The following are some basic operations that you can perform on Pandas DataFrames:

  • Accessing data: You can access data in a DataFrame using its index or column names.
  • Filtering data: You can filter data in a DataFrame using Boolean expressions.
  • Sorting data: You can sort data in a DataFrame by its index or column values.

Advanced Operations

The following are some advanced operations that you can perform on Pandas DataFrames:

  • Grouping data: You can group data in a DataFrame by its index or column values.
  • Aggregating data: You can aggregate data in a DataFrame by using functions such as mean, max, min, and sum.
  • Plotting data: You can plot data in a DataFrame using Matplotlib or Seaborn.

 

Operations that can be performed on Pandas DataFrames in Python:

  • Row and column selection: You can select specific rows or columns from a DataFrame using the [] operator.
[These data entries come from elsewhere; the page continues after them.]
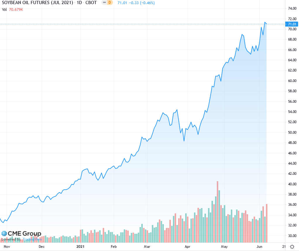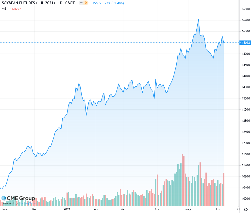Наиболее активные фьючерсные контракты на кукурузу и сою достигли максимума с середины мая во время ночных торгов, прежде чем резко упали. Фьючерсы на соевое масло в одночасье достигли максимума за всю историю, но наиболее активные контракты завершились снижением из-за фиксации прибыли.
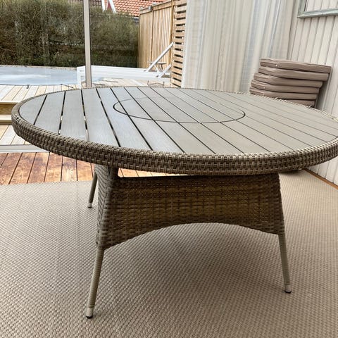 Runt utebord i underhållsfritt kompositmaterial med trästruktur och metallstativ
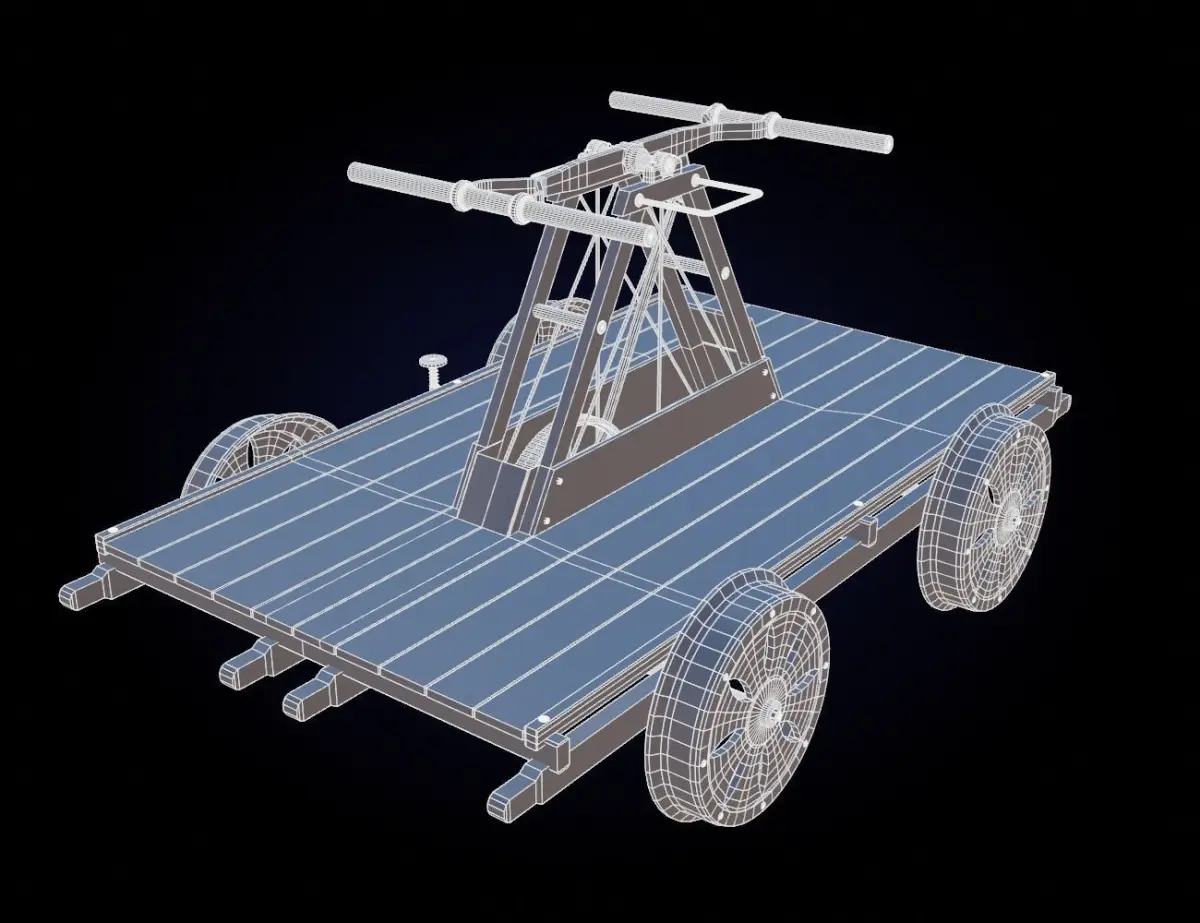 - Consists of separated objects parented to cart object. Some objects (the wheels, per example) are instanced copies.
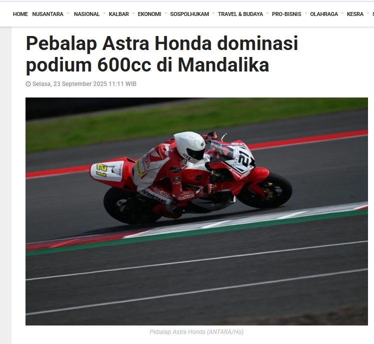 Pebalap Astra Honda dominasi podium 600cc di Mandalika by Dedi 29 September 2025 in Silahkan kunjungi https://kalbar.antaranews.com/berita/666828/pebalap-astra-honda-dominasi-podium-600cc-di-mandalika. You Might Like Regional Public Launching New ADV160 The SUV Pride Grand Launching New PCX 160 Truly Exceptional! Tetap hati-hati ya bro sist berkendara saat hujan.
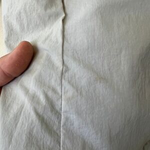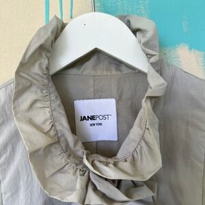 Jane Post New York Jacket Gray Ruffled Hooded Nylon Raincoat Women's M FLAWS
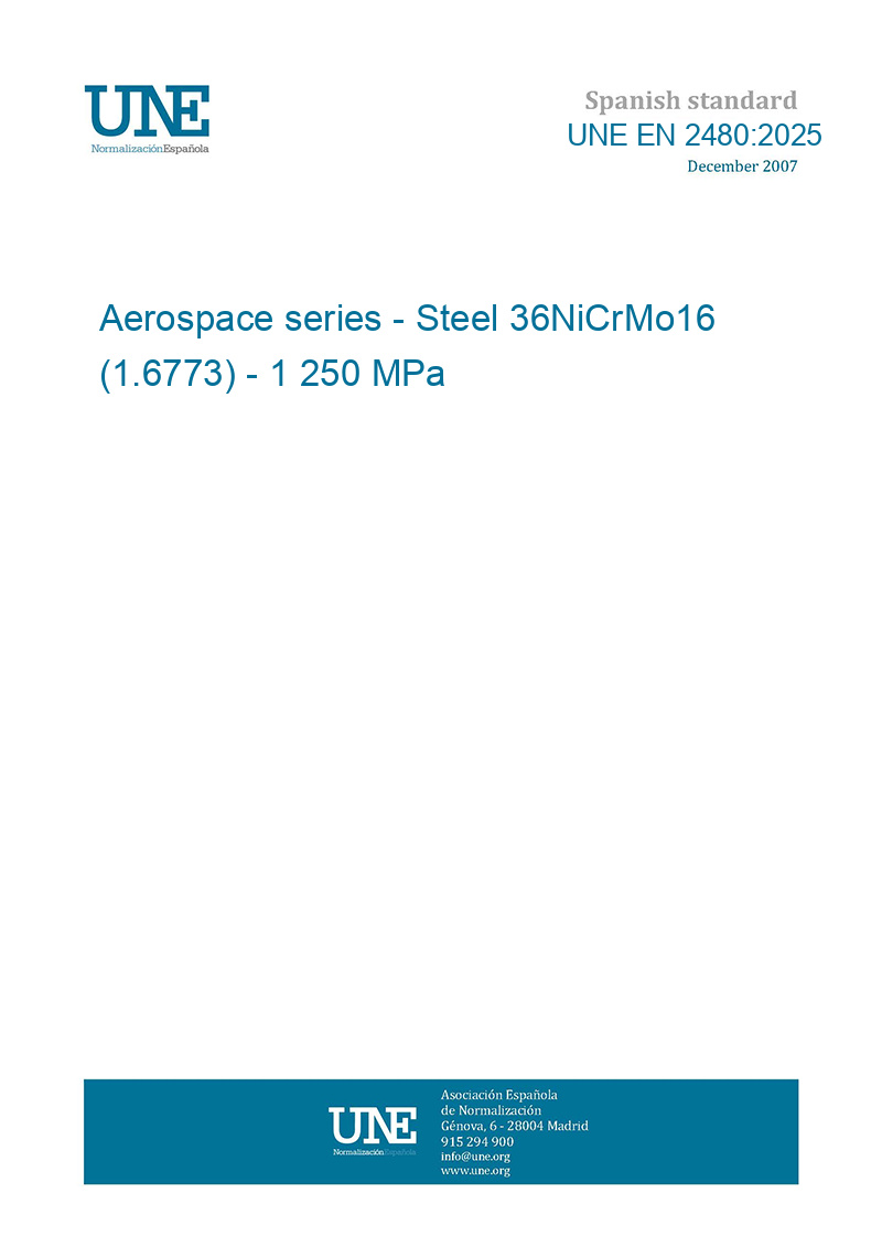 Material aeroespacial. Acero FE-PL2108 (36NiCrMo16) - 1 250 MPa <= Rm <= 1 400 MPa. Barras. De <= 75 mm (Ratificada por la Asociación Española de Normalización en enero de 2026.)
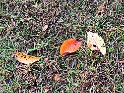 いつもの桜並木です。 ソメイヨシノの葉も紅葉してきました。秋が確実に訪れてきています。落葉が盛んで、もう冬支度なのでしょうか。木々には、ツクツクボウシが夏の名残を感じさせます。(動 画)
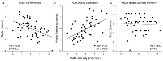 Correlations between math anxiety, formal math performance (a), numerosity estimation acuity (Weber fraction, (b)), and VSWM scores (span, (c)). Lines represent best linear fitting; dots represent individual participant scores. p < Bonferroni corrected α = 0.05/10 = 0.005.
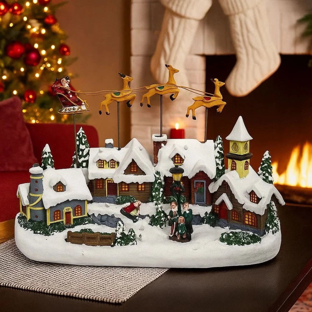 A Vila de Natal Nevada com LED Musical em Resina é a peça perfeita para transformar sua decoração natalina em um espetáculo de luz, som e encanto.
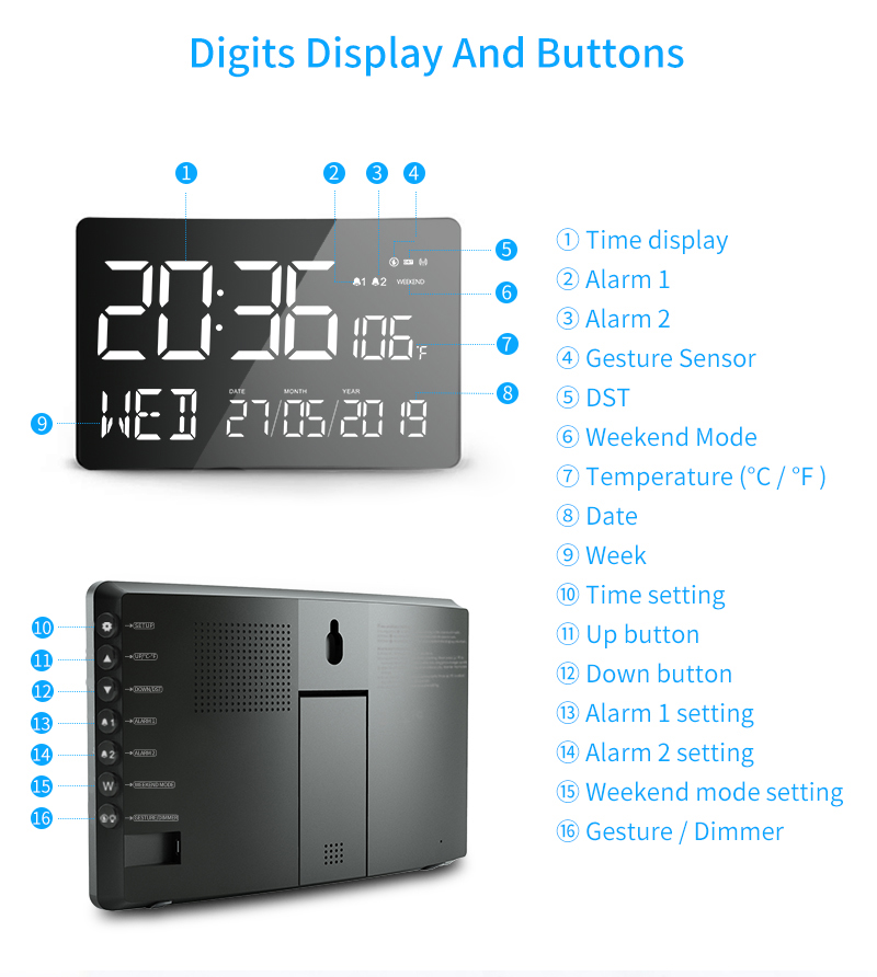 Desktop LED Simple clear Digital Calendar Date Display DST Alarm Clock With Temperature Dementieklok for Elderly Senior
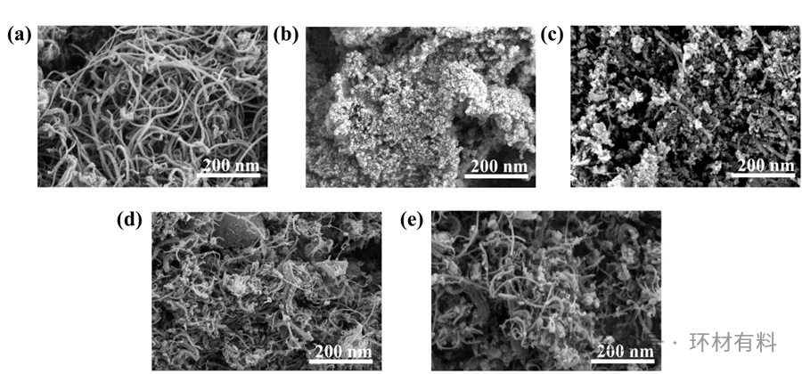 利用扫描电镜对材料的表面形貌和结构进行了观察:从图b中可以看到CNTs材料之间的相互交织更加紧密,这与CNTs的高表面能和CNTs之间的范德华力有关。从图b中可以观察到共沉淀法制备的Fe3O4的团聚现象。图(c-e)显示了负载Fe3O4纳米材料的功能化CNTs的SEM形貌,可以看出,团聚现象得到了缓解,Fe3O4呈球形颗粒状态,分布在功能化CNTs表面。
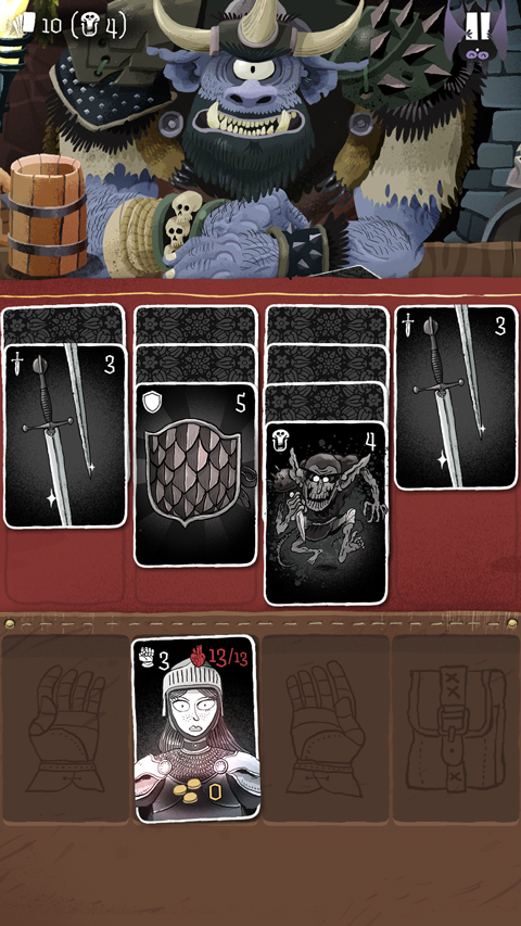 游戏延续了前作的核心设定:你坐在酒馆里,对面是形形色色的怪物,每张牌都代表一次交锋。剑卡用来砍人,盾牌卡用来扛伤,药水卡回血,金币卡攒分——规则不复杂,但当你面对16张牌同时铺在桌面上时,每一步怎么走就变得非常考验脑子了。游戏还加入了装备系统和Roguelike随机机制,每次进地牢遇到的怪物和卡牌都不一样,就算通关了也忍不住想再开一把。

For example, to select the first row of a DataFrame called df, you would use the following code:
     df.iloc[0]
 
  • Filter data: You can filter a DataFrame using Boolean expressions. For example, to filter a DataFrame called df to only include rows where the Name column is equal to "John Doe", you would use the following code:
    df[df['Name'] == 'John Doe']
  • Null values: Pandas DataFrames can contain null values, which are represented by the NaN value. You can check for null values in a DataFrame using the isnull() or notnull() methods. For example, to check if there are any null values in the Age column of a DataFrame called df, you would use the following code:
    df['Age'].isnull()
  • Drop null values: You can drop null values from a DataFrame using the dropna() method. For example, to drop all rows from a DataFrame called df that contain any null values, you would use the following code:
     df = df.dropna()
  • Re-ordering the variables: You can re-order the variables in a DataFrame using the reindex() method. For example, to re-order the columns of a DataFrame called df so that the Name column is first and the Age column is last, you would use the following code:
    df = df.reindex(columns=['Name', 'Age'])

 

These are just a few of the many operations that can be performed on Pandas DataFrames in Python. For more information, please refer to the Pandas documentation.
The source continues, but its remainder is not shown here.